§ Directions for this task: From the line containing "TWEED CHECKED V-NECK PINAFORE DRESS" through the last line of the listing, output each line exactly as it stands. Omit pictures.

§ Data:
========================

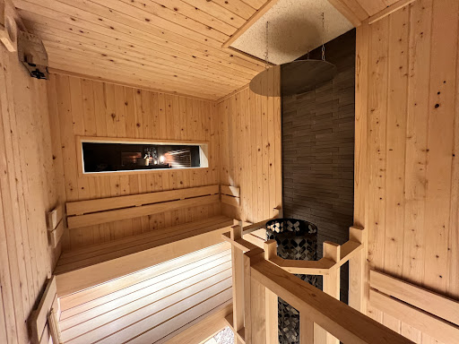 脱衣所は6畳余りのスペースがあり、カゴが4つ。薄暗さが良い暖灯でいい感じの塩梅です。そこからサ室の横に長方形の窓が隣接していて中が見れます。 サ室は3畳くらいの変形コの字2段で、MAX5人で3~4人がいい感じでしょうか。まだ新しいので清潔感がとてもあり、木の香り満喫です。室温は94℃前後ですね。 15分計砂時計が装備されていました。マット、タオルなどはありません。 フィンランドミサ社のサウナストーブでストーンにロウリュウするとアロマの香りが充満してともいい感じ。一人アウフグースで完全満喫です! 横になるにはちょっと狭いですが、せっかく独り占めでいるので、上段に仰向けに寝てみました。贅沢ですね~。
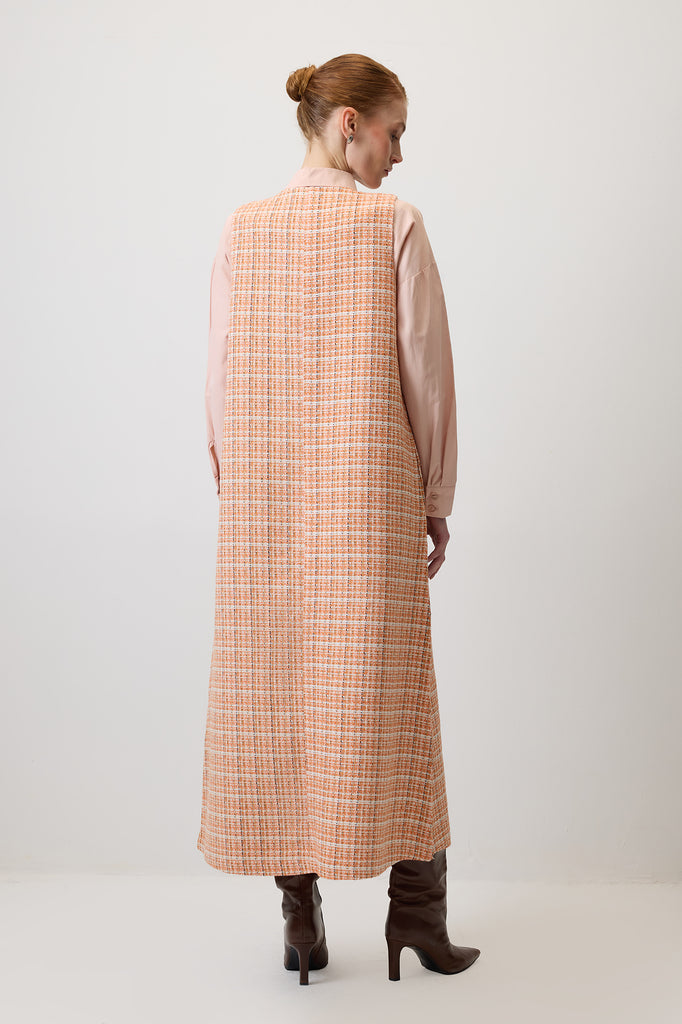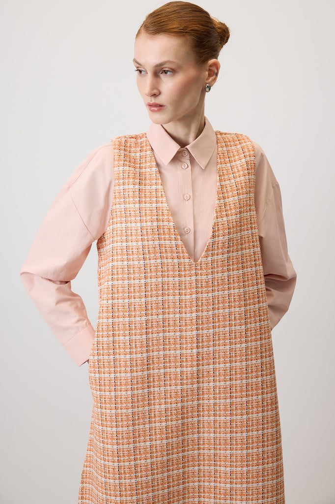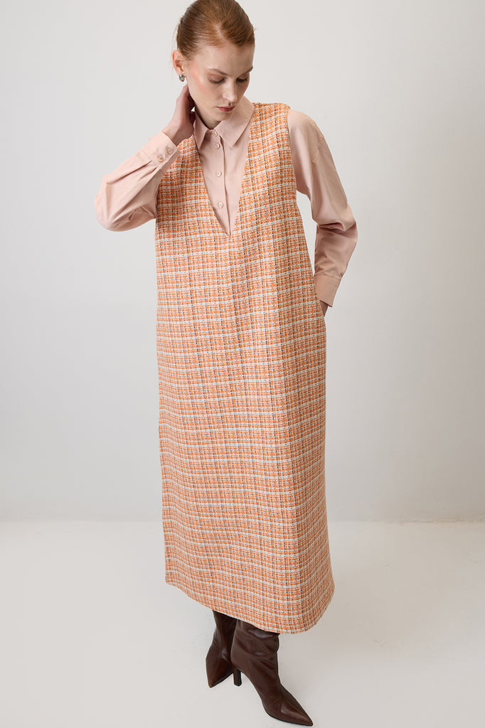 TWEED CHECKED V-NECK PINAFORE DRESS
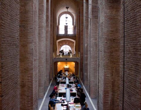庞培法布拉大学图书馆由Josep Fontserè大师在1874年设计,在1880年启用。最开始整个建筑是一个水箱,现在被改造成了UPF的图书馆。图书馆保持了砖墙原有的色彩,没有多余的修饰。这里不仅对大学生开放,普通人可以在此借阅图书,所以也是巴塞罗那热门的图书馆之一。
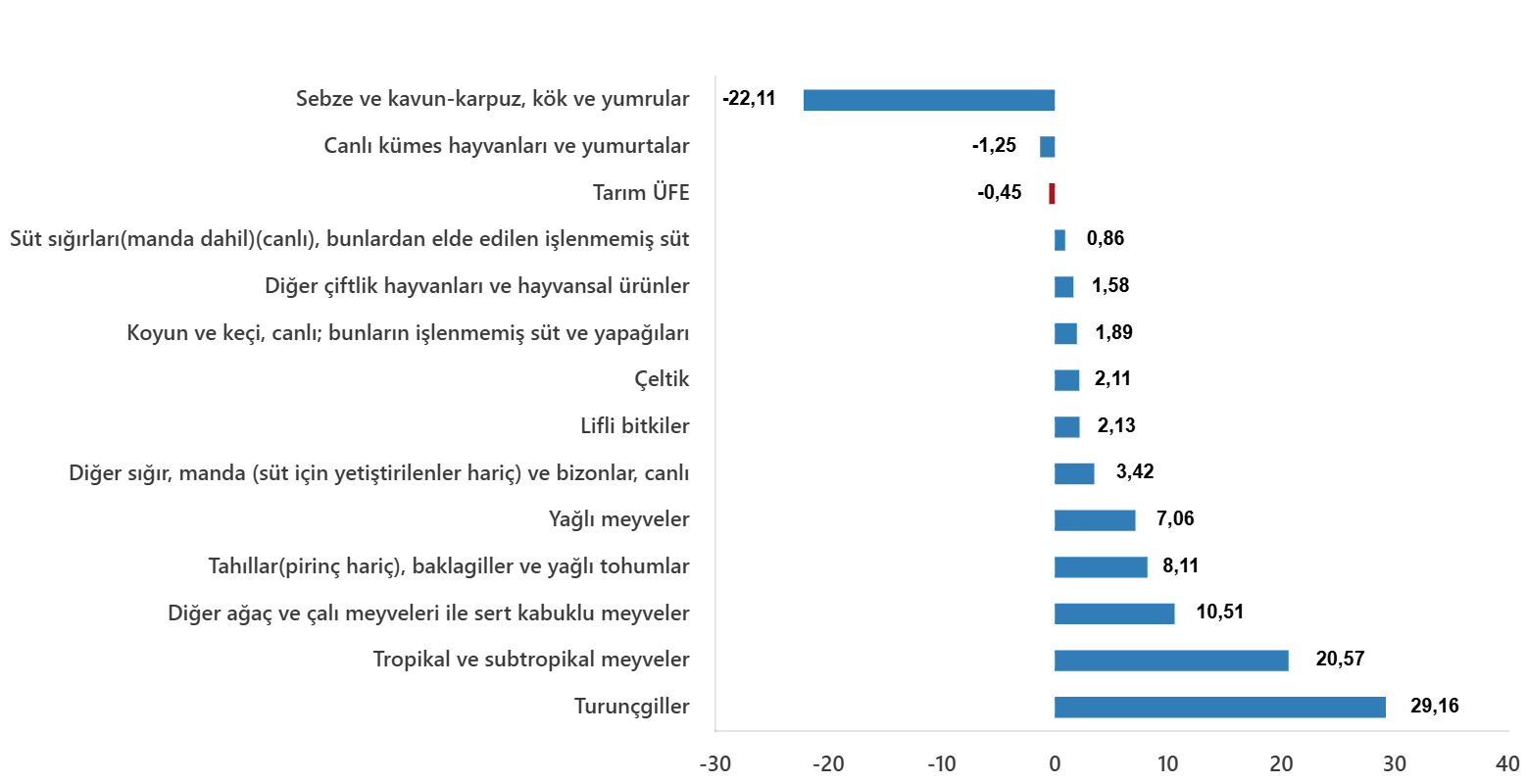 Ana gruplarda bir önceki aya göre tek yıllık (uzun ömürlü olmayan) bitkisel ürünlerde yüzde 8,33 düşerken, çok yıllık (uzun ömürlü) bitkisel ürünlerde yüzde 13,2, canlı hayvanlar ve hayvansal ürünlerde yüzde 1,54 artış kayıtlara geçti.

========================

§ Result:
 TWEED CHECKED V-NECK PINAFORE DRESS
庞培法布拉大学图书馆由Josep Fontserè大师在1874年设计,在1880年启用。最开始整个建筑是一个水箱,现在被改造成了UPF的图书馆。图书馆保持了砖墙原有的色彩,没有多余的修饰。这里不仅对大学生开放,普通人可以在此借阅图书,所以也是巴塞罗那热门的图书馆之一。
 Ana gruplarda bir önceki aya göre tek yıllık (uzun ömürlü olmayan) bitkisel ürünlerde yüzde 8,33 düşerken, çok yıllık (uzun ömürlü) bitkisel ürünlerde yüzde 13,2, canlı hayvanlar ve hayvansal ürünlerde yüzde 1,54 artış kayıtlara geçti.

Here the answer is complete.